Every line from the one with "The 2021 reissue" up to and including the one with "花花公子(PLAYBOY)2025冬季新款真皮质感皮衣男短款潮流修身夹克连帽加厚休闲外套男 黑色 2XL" is to be output exactly as it appears below; pictures are not.
[[ Source records open ]]
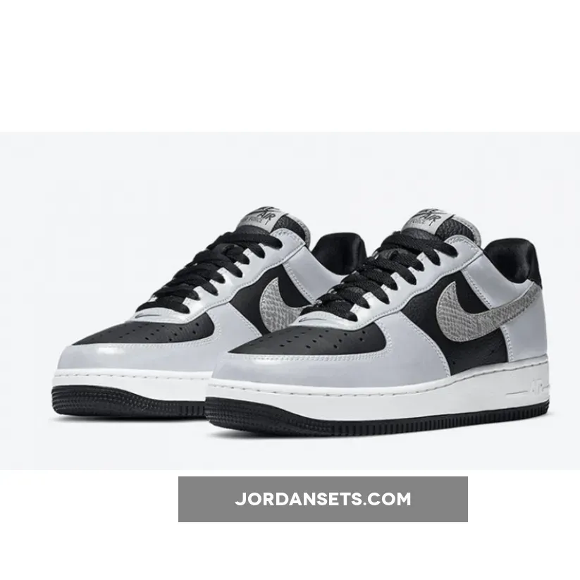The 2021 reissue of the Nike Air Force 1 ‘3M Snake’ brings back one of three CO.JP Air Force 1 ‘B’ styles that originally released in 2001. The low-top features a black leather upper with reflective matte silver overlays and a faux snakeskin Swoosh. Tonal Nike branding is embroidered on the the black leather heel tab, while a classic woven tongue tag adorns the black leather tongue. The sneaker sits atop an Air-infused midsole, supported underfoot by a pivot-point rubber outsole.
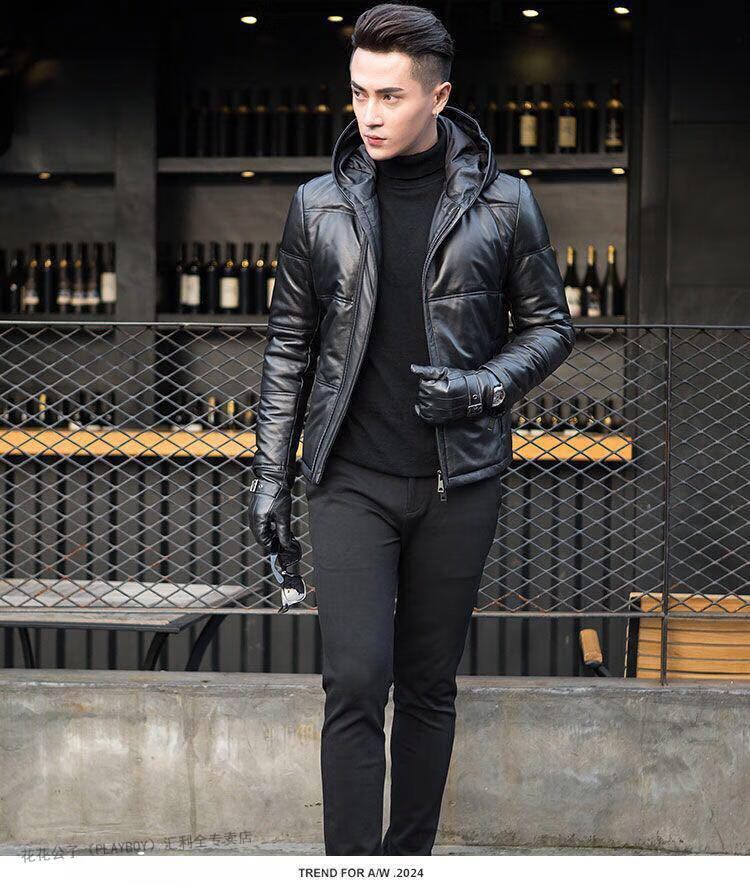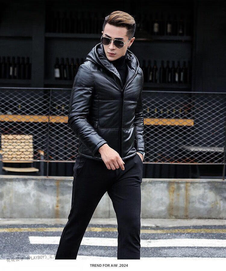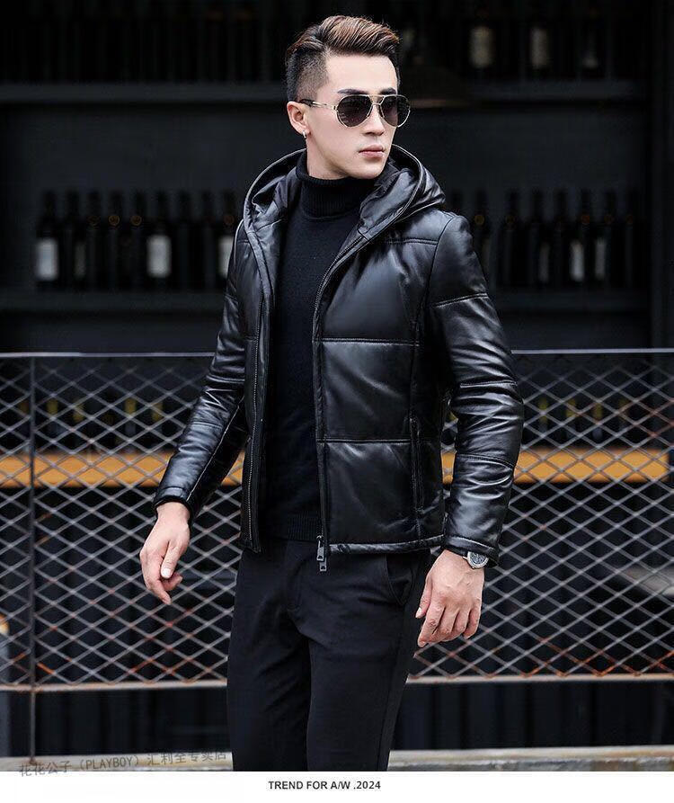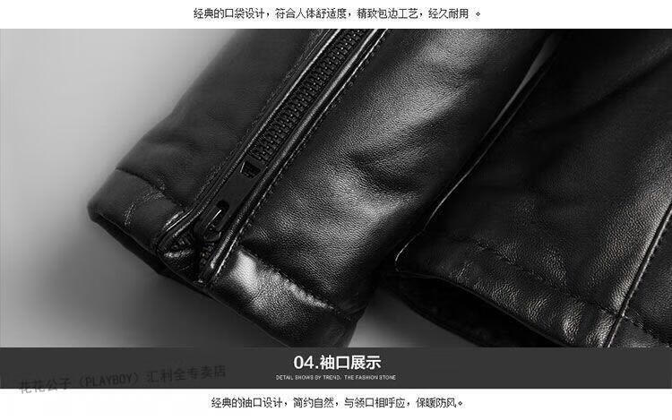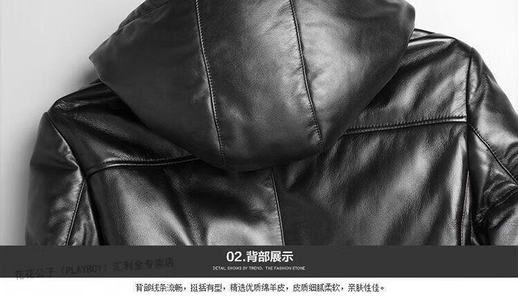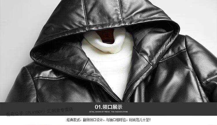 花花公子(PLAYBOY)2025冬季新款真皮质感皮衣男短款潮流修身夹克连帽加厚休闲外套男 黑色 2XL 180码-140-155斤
[[ Source records closed ]]
[[ Source records open ]]
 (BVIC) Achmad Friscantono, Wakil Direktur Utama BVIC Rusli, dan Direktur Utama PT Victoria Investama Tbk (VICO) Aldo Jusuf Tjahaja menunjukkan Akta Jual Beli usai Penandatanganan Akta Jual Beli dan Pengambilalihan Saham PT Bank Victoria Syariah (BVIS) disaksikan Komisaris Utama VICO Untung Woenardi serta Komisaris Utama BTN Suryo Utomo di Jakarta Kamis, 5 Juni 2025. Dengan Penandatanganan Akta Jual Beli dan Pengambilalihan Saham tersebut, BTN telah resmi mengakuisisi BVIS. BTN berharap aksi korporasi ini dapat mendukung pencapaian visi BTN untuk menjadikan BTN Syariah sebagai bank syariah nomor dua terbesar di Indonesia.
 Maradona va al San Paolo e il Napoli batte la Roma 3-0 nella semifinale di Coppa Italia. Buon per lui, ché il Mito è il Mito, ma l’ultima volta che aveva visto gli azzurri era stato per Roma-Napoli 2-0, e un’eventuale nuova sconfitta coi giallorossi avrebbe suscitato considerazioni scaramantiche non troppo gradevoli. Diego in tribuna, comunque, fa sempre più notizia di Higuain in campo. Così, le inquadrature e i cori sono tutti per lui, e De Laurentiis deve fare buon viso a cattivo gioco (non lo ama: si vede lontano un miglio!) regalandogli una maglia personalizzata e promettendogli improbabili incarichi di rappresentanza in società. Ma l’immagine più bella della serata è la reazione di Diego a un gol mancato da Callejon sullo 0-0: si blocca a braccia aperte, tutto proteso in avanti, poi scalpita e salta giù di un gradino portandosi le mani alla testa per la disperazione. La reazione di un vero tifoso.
[[ Source records closed ]]
■ Result of this task ■
The 2021 reissue of the Nike Air Force 1 ‘3M Snake’ brings back one of three CO.JP Air Force 1 ‘B’ styles that originally released in 2001. The low-top features a black leather upper with reflective matte silver overlays and a faux snakeskin Swoosh. Tonal Nike branding is embroidered on the the black leather heel tab, while a classic woven tongue tag adorns the black leather tongue. The sneaker sits atop an Air-infused midsole, supported underfoot by a pivot-point rubber outsole.
 花花公子(PLAYBOY)2025冬季新款真皮质感皮衣男短款潮流修身夹克连帽加厚休闲外套男 黑色 2XL 180码-140-155斤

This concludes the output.